─── Records
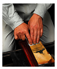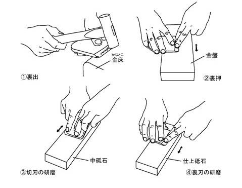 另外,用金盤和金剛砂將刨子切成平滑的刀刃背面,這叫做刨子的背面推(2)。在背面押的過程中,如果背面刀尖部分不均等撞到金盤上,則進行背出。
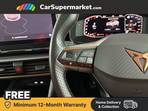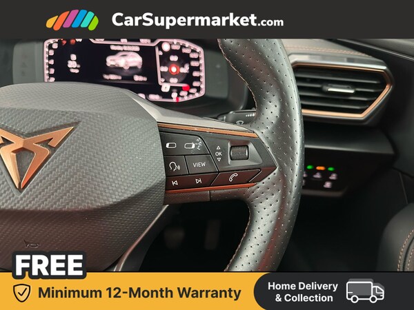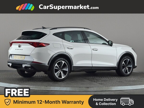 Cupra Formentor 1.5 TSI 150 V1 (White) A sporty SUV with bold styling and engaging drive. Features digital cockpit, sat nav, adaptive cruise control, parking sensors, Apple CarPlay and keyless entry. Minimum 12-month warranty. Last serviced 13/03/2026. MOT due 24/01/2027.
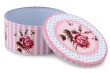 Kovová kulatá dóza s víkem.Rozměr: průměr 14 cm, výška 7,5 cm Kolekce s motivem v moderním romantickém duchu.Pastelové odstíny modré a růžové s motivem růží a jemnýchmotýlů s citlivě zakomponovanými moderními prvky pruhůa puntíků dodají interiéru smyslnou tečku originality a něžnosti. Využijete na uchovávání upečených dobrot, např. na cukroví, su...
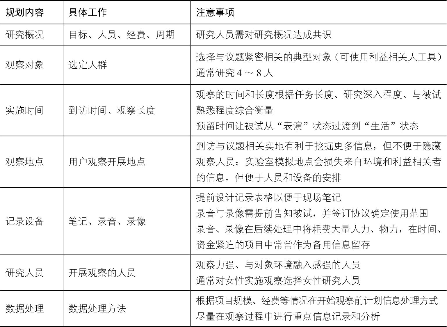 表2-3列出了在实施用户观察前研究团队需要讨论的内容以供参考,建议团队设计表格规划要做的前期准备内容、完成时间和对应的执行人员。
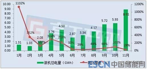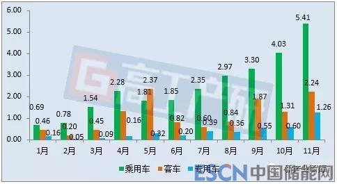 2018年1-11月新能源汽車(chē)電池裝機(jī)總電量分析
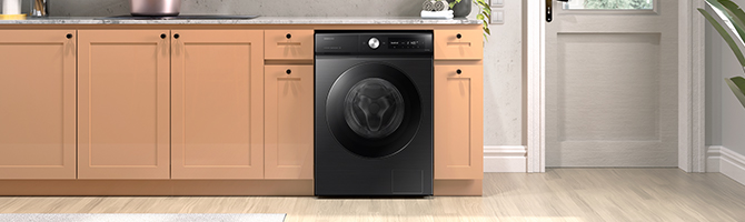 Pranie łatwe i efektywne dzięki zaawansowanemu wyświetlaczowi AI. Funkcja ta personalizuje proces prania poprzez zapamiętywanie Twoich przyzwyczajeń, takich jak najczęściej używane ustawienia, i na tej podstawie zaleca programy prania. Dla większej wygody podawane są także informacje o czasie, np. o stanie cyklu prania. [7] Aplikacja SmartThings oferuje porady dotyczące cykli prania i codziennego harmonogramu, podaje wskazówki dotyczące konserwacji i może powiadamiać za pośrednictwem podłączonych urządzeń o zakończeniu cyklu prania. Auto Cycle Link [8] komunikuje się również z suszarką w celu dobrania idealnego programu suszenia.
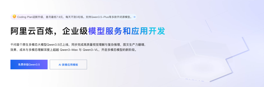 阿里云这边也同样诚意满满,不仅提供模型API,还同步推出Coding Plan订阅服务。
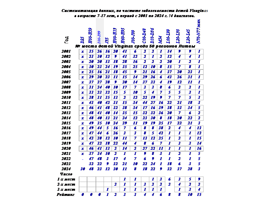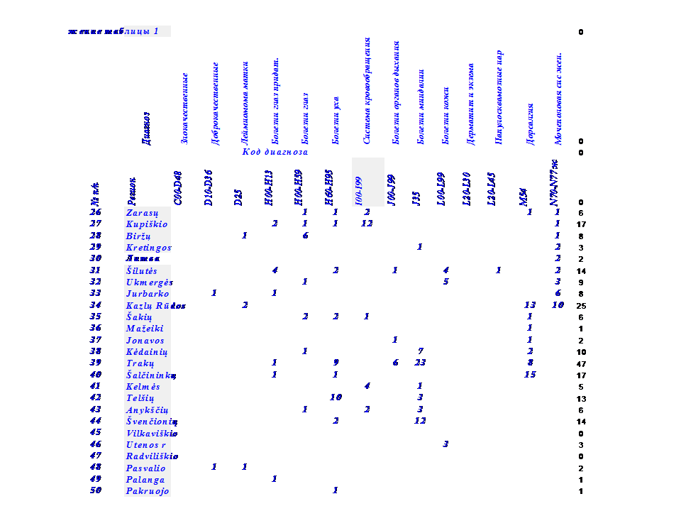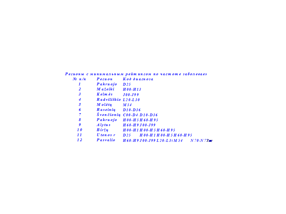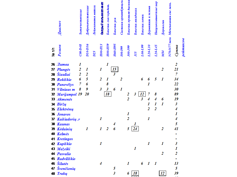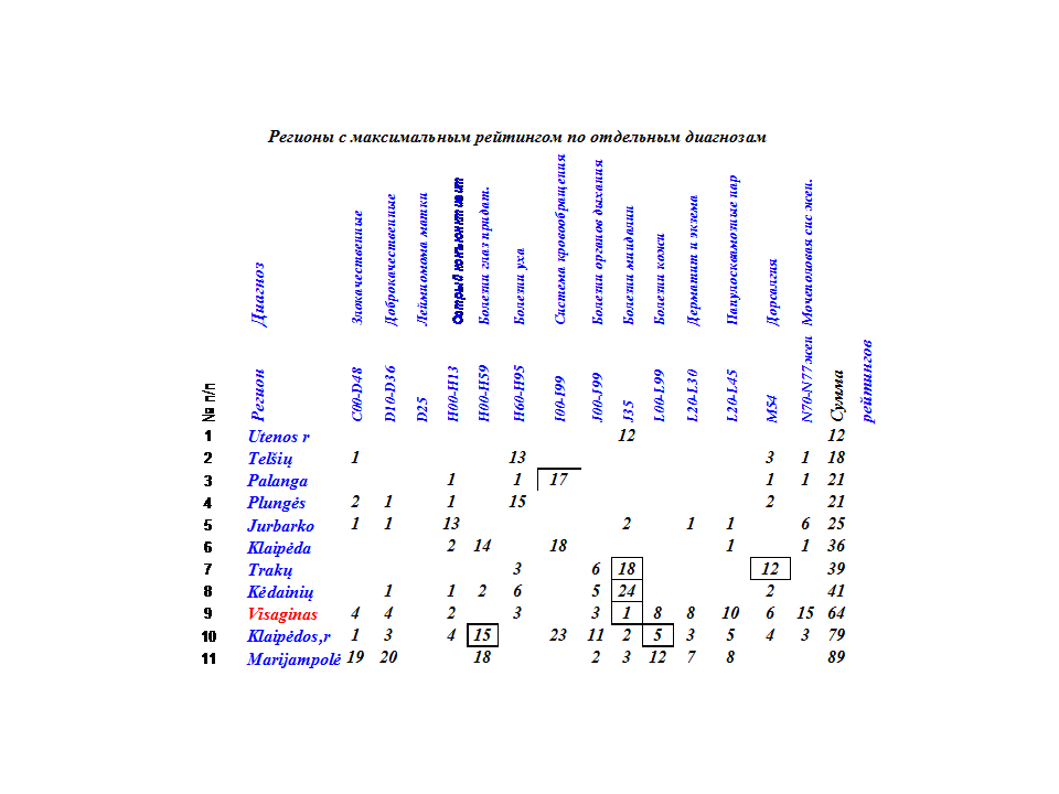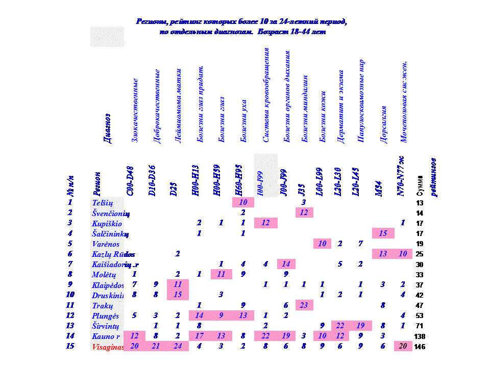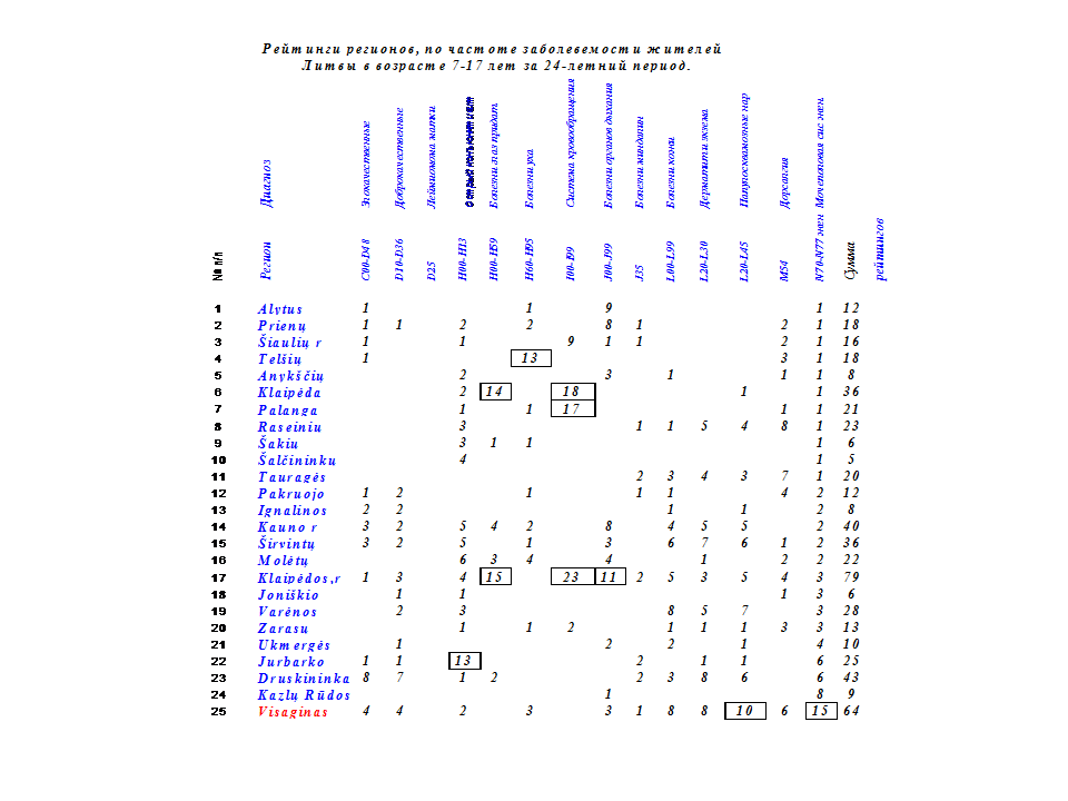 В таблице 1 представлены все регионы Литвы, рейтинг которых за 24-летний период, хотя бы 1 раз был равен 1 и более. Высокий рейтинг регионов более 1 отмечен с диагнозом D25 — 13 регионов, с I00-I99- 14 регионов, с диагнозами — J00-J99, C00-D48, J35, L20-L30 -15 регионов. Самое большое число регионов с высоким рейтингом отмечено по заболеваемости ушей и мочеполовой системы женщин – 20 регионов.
──────
─── Records
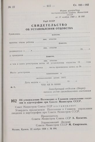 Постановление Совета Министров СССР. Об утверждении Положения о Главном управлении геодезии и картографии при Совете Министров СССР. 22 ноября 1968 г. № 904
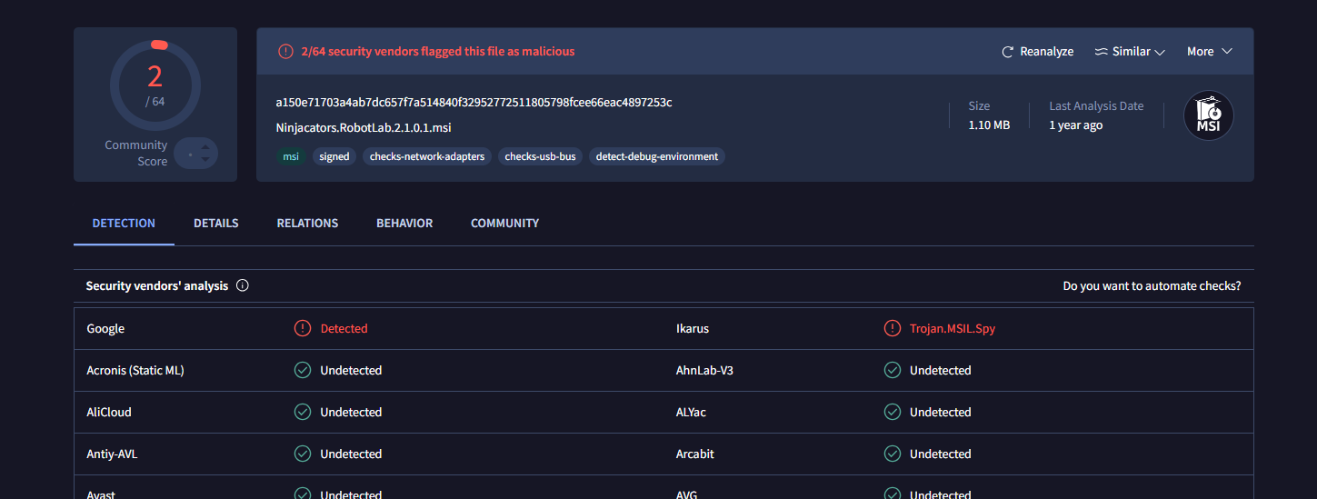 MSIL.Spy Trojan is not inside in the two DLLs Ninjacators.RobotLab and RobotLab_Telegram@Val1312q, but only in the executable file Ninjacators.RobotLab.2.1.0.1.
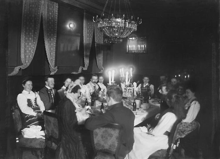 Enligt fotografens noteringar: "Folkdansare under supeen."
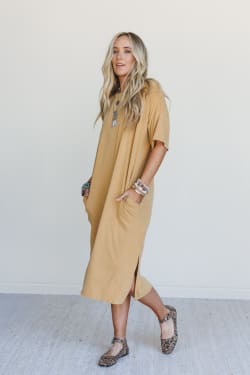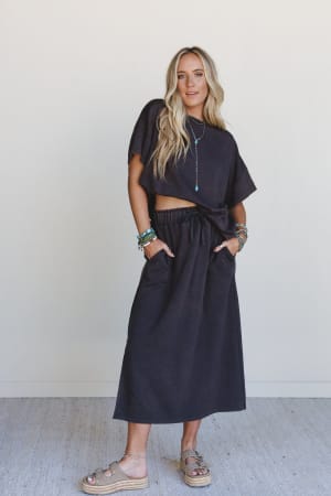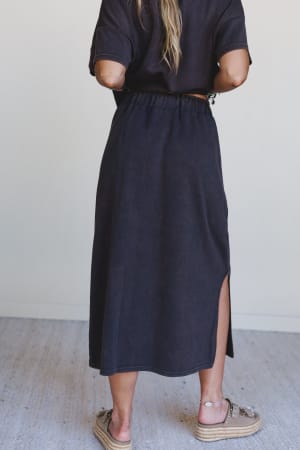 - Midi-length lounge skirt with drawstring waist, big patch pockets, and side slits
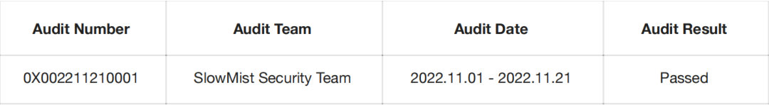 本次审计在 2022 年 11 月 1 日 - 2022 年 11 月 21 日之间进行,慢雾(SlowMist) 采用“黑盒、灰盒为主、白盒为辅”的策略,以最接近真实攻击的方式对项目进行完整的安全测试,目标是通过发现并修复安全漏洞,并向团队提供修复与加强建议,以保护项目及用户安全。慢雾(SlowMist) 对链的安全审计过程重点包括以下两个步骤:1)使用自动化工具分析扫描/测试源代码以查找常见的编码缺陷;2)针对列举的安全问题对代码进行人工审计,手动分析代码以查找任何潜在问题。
──────
─── Records
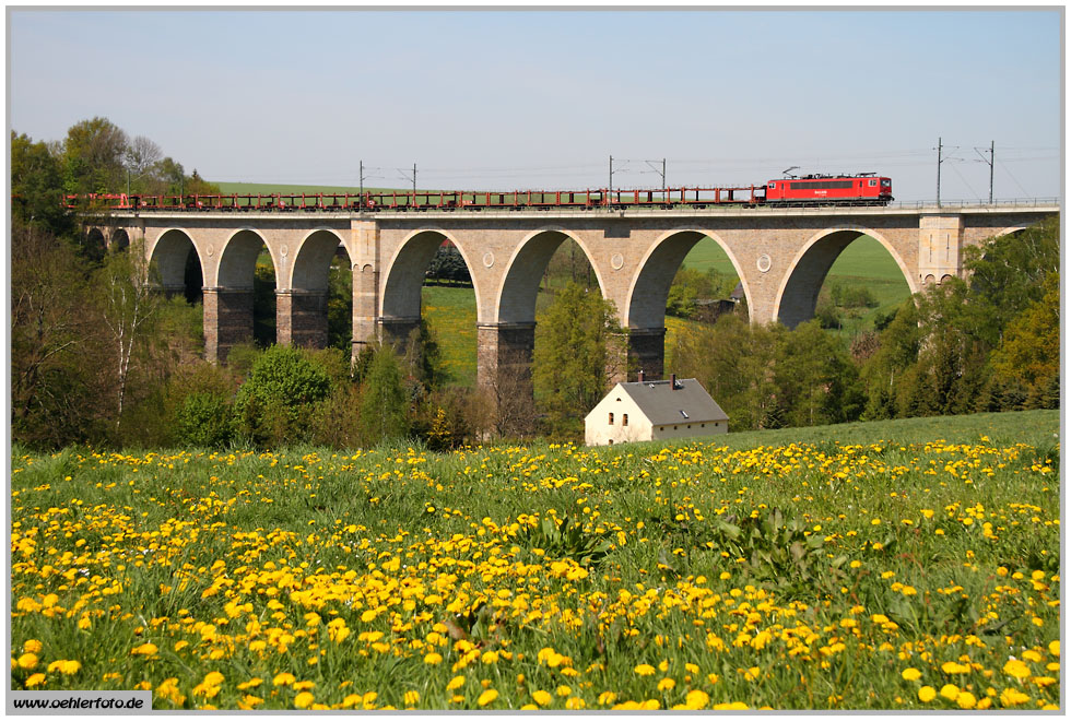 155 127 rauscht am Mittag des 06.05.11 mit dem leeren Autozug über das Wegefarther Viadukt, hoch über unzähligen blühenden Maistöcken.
──────
Work to be completed >>
Restate word for word every line from the one with "表2-3列出了在实施用户观察" up to and including the one with "В таблице 1" in the records above, minus the pictures.

Solution for this task >>
 表2-3列出了在实施用户观察前研究团队需要讨论的内容以供参考,建议团队设计表格规划要做的前期准备内容、完成时间和对应的执行人员。
 2018年1-11月新能源汽車(chē)電池裝機(jī)總電量分析
 Pranie łatwe i efektywne dzięki zaawansowanemu wyświetlaczowi AI. Funkcja ta personalizuje proces prania poprzez zapamiętywanie Twoich przyzwyczajeń, takich jak najczęściej używane ustawienia, i na tej podstawie zaleca programy prania. Dla większej wygody podawane są także informacje o czasie, np. o stanie cyklu prania. [7] Aplikacja SmartThings oferuje porady dotyczące cykli prania i codziennego harmonogramu, podaje wskazówki dotyczące konserwacji i może powiadamiać za pośrednictwem podłączonych urządzeń o zakończeniu cyklu prania. Auto Cycle Link [8] komunikuje się również z suszarką w celu dobrania idealnego programu suszenia.
 阿里云这边也同样诚意满满,不仅提供模型API,还同步推出Coding Plan订阅服务。
 В таблице 1 представлены все регионы Литвы, рейтинг которых за 24-летний период, хотя бы 1 раз был равен 1 и более. Высокий рейтинг регионов более 1 отмечен с диагнозом D25 — 13 регионов, с I00-I99- 14 регионов, с диагнозами — J00-J99, C00-D48, J35, L20-L30 -15 регионов. Самое большое число регионов с высоким рейтингом отмечено по заболеваемости ушей и мочеполовой системы женщин – 20 регионов.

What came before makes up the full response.